_Work request_
The answer must consist only of the lines in the records below from the line with "More of an annoyance" to the line with "在两人恋情曝光后,滚圈好友赵子健用污言秽语祝贺兄弟睡到了女明星。", both included, copied word for word with every picture left out.

┏━━

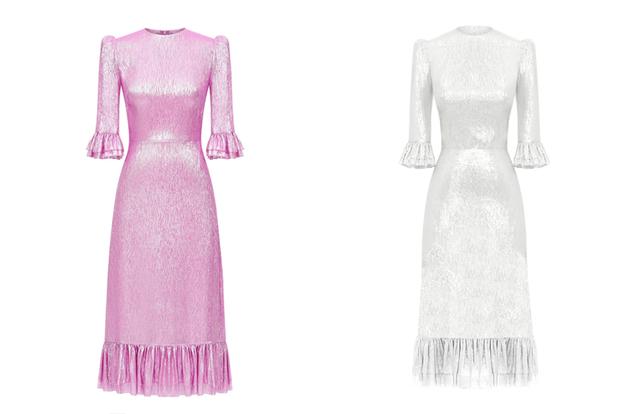 Se trata del brillante vestido de noche modelo “Falconetti”, de la firma The Vampire’s Wife de la actriz, modelo y diseñadora Susie Bick, esposa del músico Nick Cave (que parece un vampiro). Este vestido de chifón de seda iridiscente de estilo victoriano con volantes, es la pieza estrella de la marca y también de Jennifer Aniston, Yalitza Aparicio y Kate Middleton.
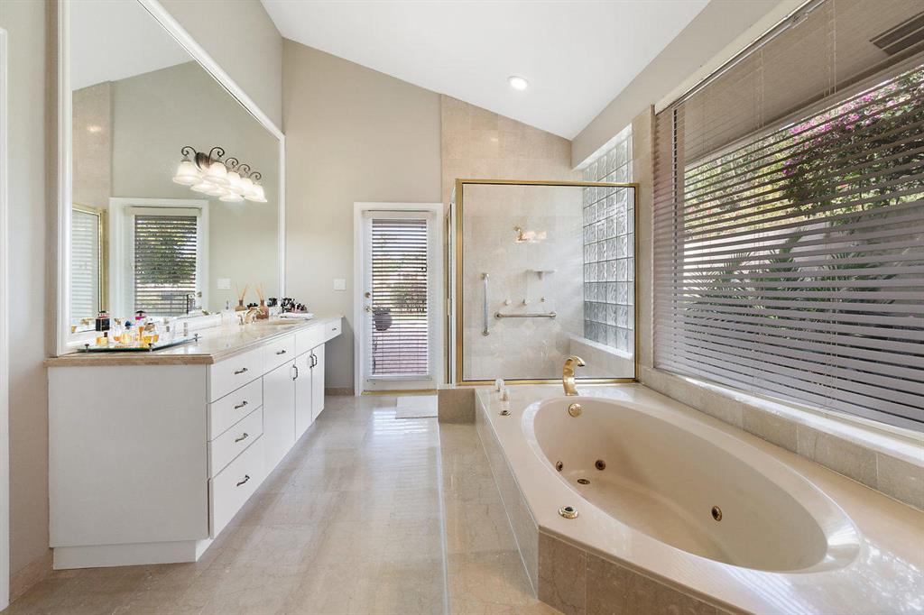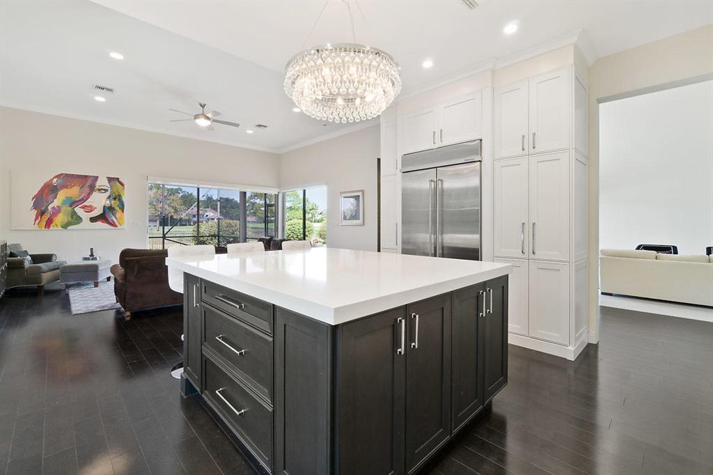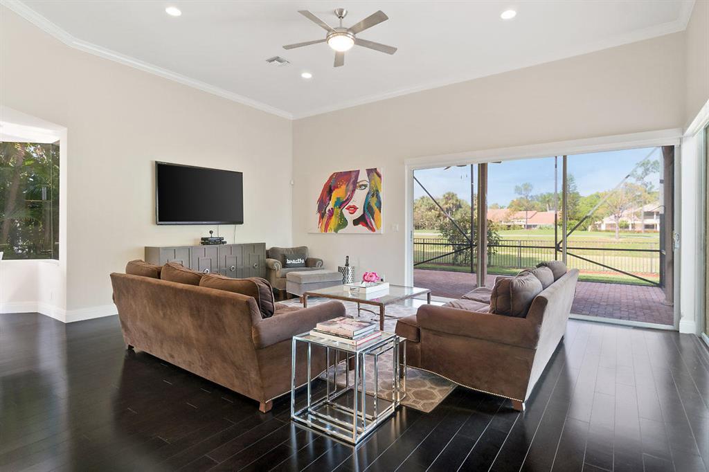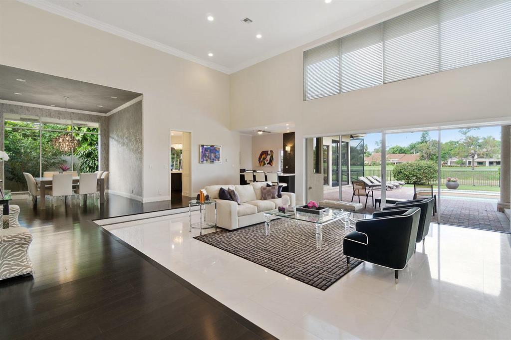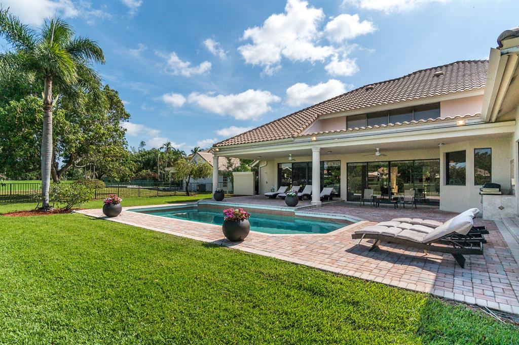 Custom estate situated on the 1st hole of acclaimed Broken Sound Country Club. As you enter the 1 story home you are greeted by endless Golf & Lake Vistas from the Family Room, Kitchen, and Master Bedroom. Natural light reveals real hardwood floors complemented by contrasting marble throughout. The home was completely redone recently & features a new kitchen with quartz counters & marble back splash, white kitchen cabinets, new appliances including a breakfast area highlighted by seamless bay windows. The master suite boasts separate tub & shower and his and her sinks. Other features include redone bathrooms, closet built-ins, smooth coated walls & ceilings, designer wall paper, and custom light fixtures. Fabulous outdoor living with screened in and op patio and enormous yard space.
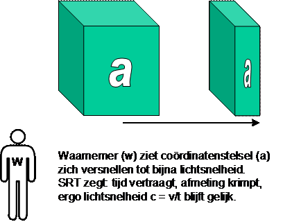 De Amerikaan Benjamin Franklin (1706-1790) deed vele elektrische proeven, benoemde de twee soorten elektriciteit als positief en negatief en toonde aan dat bliksem een elektrisch verschijnsel is, door een vlieger op te laten in een onweersbui (1752, geen voorbeeld ter navolging!). De Deen Hans Christian Ørsted (1777-1851) nam in 1819 waar dat een magneetnaald beweegt als er een draad in de buurt is waardoor een elektrische stroom loopt. Eigenlijk is hij de uitvinder van het elektromagnetisme. Michael Faraday (1791-1861), een Brits fysicus, heeft veel bijgedragen aan de kennis van elektrische en magnetische verschijnselen. Hij ontdekte in 1833 de wetten van de elektrolyse, en in 1831 ontdekte hij de magnetische inductie, die al eerder was gezien door Ørsted, en die de grondslag vormt voor alle omzetting van mechanische naar elektrische energie (dynamo, generator) en omgekeerd (elektromotor). Dan komt James Clerk Maxwell (1831-1879), ook een Brit. In 1873 verscheen van zijn hand het werk Electricity and magnetism, waarin hij Faraday’s ontdekking een solide wiskundige basis geeft. Verder kwam hij tot de conclusie dat ook licht een elektromagnetische golfbeweging is, zodat het ook de eigenschappen van andere golfbewegingen moet hebben. En zoals alle golfbewegingen (water, geluid) moet ook deze golfbeweging een medium hebben waarin het zich beweegt. Dat medium was uiteraard de al eerder genoemde ‘ether’. Maar wat voor spul was die ether dan wel? Want voor de verschillende soorten verschijnselen had men in eerste instantie ook verschillende soorten ‘ethers’ gedefinieerd. Maar in 1878 publiceert Maxwell een artikel over deze materie in de Encyclopaedia Britannica, waarin hij voorstelt, te komen tot één definitie van deze ‘ether’. Onderzoeken naar het atoom We zullen vergeten wat vroegere filosofen en onderzoekers over de materie en het atoom hebben beweerd en kiezen ons startpunt in de Leidse hoogleraar Hendrik Antoon Lorentz (1853-1928). Hij ontwikkelde de theorie over lichtbreking en –terugkaatsing (1875) en beschreef het kleinste elementaire stukje materie, het atoom. Hierin onderscheidde hij – kort gezegd – een kern, bestaande uit één of meer protonen, positief geladen deeltjes, en om die kern één of meer ‘schillen’ met elektronen, negatief geladen deeltjes, die met grote snelheid hun banen om die kern beschrijven. Ook vond hij dat er ‘vrije’ elektronen waren, die niet aan een atoom gebonden waren, en die de geleiding van elektriciteit mogelijk maakten. Verdere onderzoekingen, o.a. door Sir Joseph John Tomson (1852-1940) en Lord Ernest Rutherford (1871-1937) verfijnden dit model, totdat het in het atoommodel van Niels (Hendrik David) Bohr (1885-1962) een voorlopige afsluiting vond. Newton niet meer afdoende Newton’s modellen en vergelijkingen deden velen denken dat het einde van de natuurkunde in zicht was. En inderdaad vierde Newton’s denkwerk de ene triomf na de andere. De ontdekking van de nieuwe planeten Uranus (door William Herschel in 1781) en Neptunus (1846 door J.G. Galle op aanwijzingen van de Fransman Leverrier), waren gebaseerd op rekenwerk met Newton’s model. Zelfs Albert Michelson, die we straks tegenkomen bij de beroemde ethermetingen, heeft eens gezegd, dat het enige werk dat nog was overgebleven in de natuurkunde, het invullen van decimalen en het beschrijven van enkele uithoeken van de natuurkunde was. Maar hij kon niet vermoeden welke revolutie nog tijdens zijn leven zou plaatsvinden. Toch waren ook de uitvindingen van de elektriciteit en het magnetisme en het verband tussen die twee, en de onderzoekingen naar het atoom, niet helemaal zonder problemen in verband met Newton’s opvattingen. De uitkomsten van deze onderzoekingen deden steeds sterkere twijfels rijzen niet aan de juistheid, maar aan de universele toepasbaarheid van Newton’s model van het heelal. Zo was er onduidelijkheid over het medium waarin elektromagnetische golven zich voortplantten (de ‘ether’). Dat er zo’n medium moest zijn, stond vast. Ook als Newton’s wetten werden toegepast op de microwerelden van het atoom, bleken ze inadequaat. Hetzelfde gold voor het voorspellen van bewegingen met een snelheid die die van het licht naderde. Kennelijk was niet alles in het heelal eenvoudig en rechttoe-rechtaan. Welke richting zou de natuurkunde nu inslaan? De experimenten van Michelson en Morley Nu Maxwell had aangegeven dat er slechts één ‘ether’ moest zijn, werd het zaak om deze te gaan aantonen en onderzoeken. In 1887 bouwden Albert Michelson en Edward Morley (1838-1923) een instrument – interferometer – om deze metingen te gaan doen. Want als er een medium bestond, dan ging de aarde daar doorheen in zijn tocht om de zon en tijdens zijn dagelijkse omwenteling, en dus moesten er dan verschillen in de snelheid van het licht worden gemeten, die met deze bewegingen door de ‘ether’ samenhingen. Michelson en Morley deden 36 metingen met hun interferometer, op 8, 9, 11 en 12 juli 1887, maar het resultaat was mager[1]). Zij vonden een uitkomst die slechts 2,5% was van wat ze verwacht hadden. Hoewel het dus een resultaat was met een zekere consistentie, zij het dunnetjes, was de teleurstelling van alle betrokkenen groot, en men besliste dat de verschillen volledig lagen binnen de tolerantie van de gebruikte apparatuur. Daarom wordt het vrijwel overal voorgesteld alsof het resultaat nul was. Plannen tot verdere experimenten met betere apparatuur en op andere plaatsen en tijden (seizoenen!) werden nooit uitgevoerd. Kennelijk was de belangstelling ervoor verdwenen, of waren de resultaten te ontmoedigend. Lorentz en de ‘Lorentz transformaties’ De magere uitkomsten van het Michelson-Morley experiment zetten verschillende denkers aan het werk. Wat was er aan de hand? In 1899 publiceerde de Ierse fysicus George FitzGerald in Science het artikel “De ether en de aardse atmosfeer” waarin hij opmerkte dat de magere resultaten van het M-M experiment alleen te 
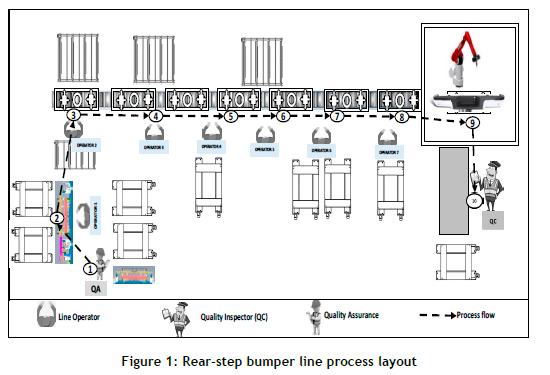 The rear-step bumper assembly line is responsible for the production of rear-step bumpers. The first step in the process is the delivery of frames that go through a quality gate and then are assembled to form the primary structure of the bumper. This is done away from the production assembly line. The process then adds more components to the frame assembly, such as sensors, endcaps, step-pads, and towing bezels. At the completion state of the assembly, an automated roamer machine is responsible for parameter and tolerance checks on the finished product. A secondary final inspection is then conducted to check the aesthetics of the final product. Figure 1 indicates the layout of the process, and how quality gates are stationed on the production line to ensure adherence to quality standards.
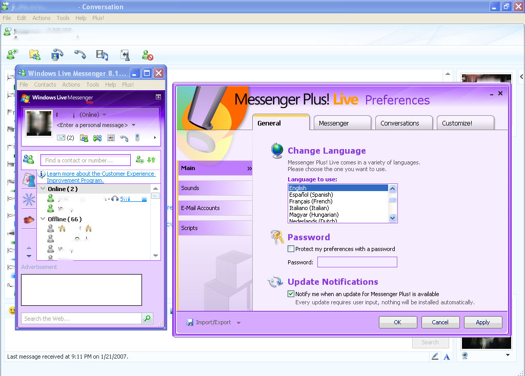 More of an annoyance than anything, but I remember changing a color choice to purple at some point (don't ask why). I remember thinking at the time I was changing the text color, but it ended up changing the color of the contact pop-up window as well as the background (skin color) on the main messenger window and the background of the main plus window. (the chat windows are fine)
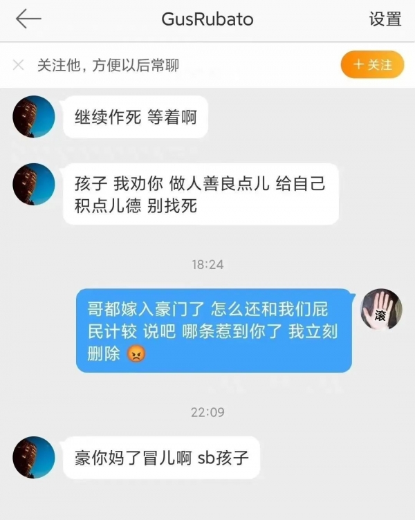 在两人恋情曝光后,滚圈好友赵子健用污言秽语祝贺兄弟睡到了女明星。
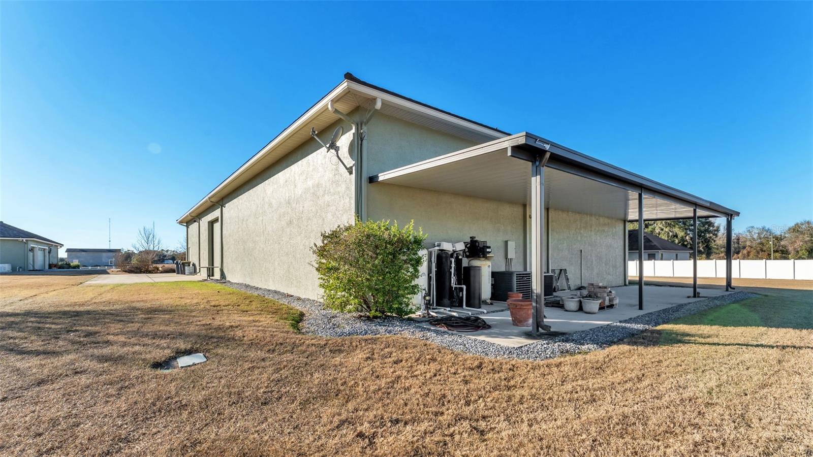 A major standout feature of this property is the detached 5,000-square-foot, climate-controlled shop, built in 2014 to commercial-grade standards. Designed for serious use, the shop features 16-foot ceilings, epoxy-coated chemical-resistant floors, dual A/C systems, multiple RV and welder hookups, and extensive electrical and air infrastructure throughout. The star of the shop is a Challenger 10,000-lb asymmetrical two-post vehicle lift with in-floor power, making the shop ideal for automotive work, collections, RVs, and more. Additional features include an integrated air compressor system plumbed throughout, 20x20 mezzanine storage, office space with a dedicated FRP clean room for engine assembly, (3) insulated overhead power roll-up doors, hard-wired internet from the main home, and 14x50 aluminum carport with a concrete pad for storage and cover for water tank, filtration systems and air compressors.

┗━━

_Answer to this exercise_
 More of an annoyance than anything, but I remember changing a color choice to purple at some point (don't ask why). I remember thinking at the time I was changing the text color, but it ended up changing the color of the contact pop-up window as well as the background (skin color) on the main messenger window and the background of the main plus window. (the chat windows are fine)
 在两人恋情曝光后,滚圈好友赵子健用污言秽语祝贺兄弟睡到了女明星。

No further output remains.